Usually, cheaper sandpaper uses a poor binder and the sand will come off from the paper. Worse still is the inconsistent grit of sandpaper. A single coarse grit on a fine paper can leave deep scratches and "undo" the sanding process in between. For this reason, it is important to clean the part before replacing it with finer sandpaper to remove any remaining coarse particles.

△Rough surface to smooth surface
The printed surface of a part has peaks and valleys. Wave peaks consist of print layers, support materials, printer artifacts, or STL nodes. The troughs are the spaces and gaps between the layers caused by interrupted nozzle flow. To make the surface smooth, the crests are flattened by removing material and the troughs are filled with filler or primer. The sanding process once again starts with a single pass with coarse sandpaper to remove almost all the peaks. Then, a finer grit sandpaper is used to further remove the scratches from the previous step. Wet sanding can be used for finer grit. Using a little water helps remove debris and prevents the paper from sticking, as primer and filler can stick to the paper and clog the grit. But most importantly: remember to always use a dust mask and goggles while sanding!
●ABS and PETG are popular printed filaments that can be steam smoothed, thereby temporarily dissolving the surface material using a solvent.
● Rubber materials tend to get dirty if too much force is applied. Fast, gentle sanding works best. Use wet sanding on sticky materials to avoid catching material and clogging.
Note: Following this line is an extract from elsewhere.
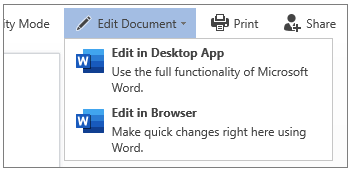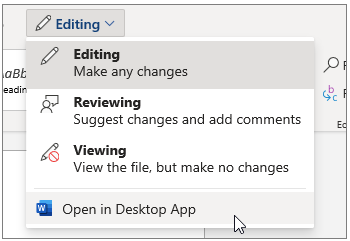 如果您更愿意在Word 应用程序中工作,请从窗口顶部的“编辑”切换到“在桌面应用程序中打开”。

If the rubber wants to catch the grit, use finer sandpaper.
● Fibrous materials such as wood and composite filaments should be sanded in the direction of the grain. Remember to wear gloves when sanding or some fibers will scratch your fingers. Wet sanding will prevent the composite fibers from becoming airborne, but you still need to wear a dust mask at all times.
● Metals take longer to sand, but can achieve a high gloss. Over time, oxidation can dull some metals such as aluminum and copper. Add a clear coat to prevent oxidation or polish to restore luster.
● High density polyurethane foam is easily sanded with medium grit. Keep a vacuum running as sanding dust will continually float in the air. Polystyrene foam can be melted by paint, so test with scrap before you put too much time on the part.
● Glass and ceramics are harder than the grit in some sandpaper. Special sanding stones, wooden sticks or mud are required.
Sanding a 3D printed part is not an easy task, it directly determines the surface quality of the part, so after reading the sanding method compiled , will you have some inspiration? Try it out, and look forward to your smooth parts.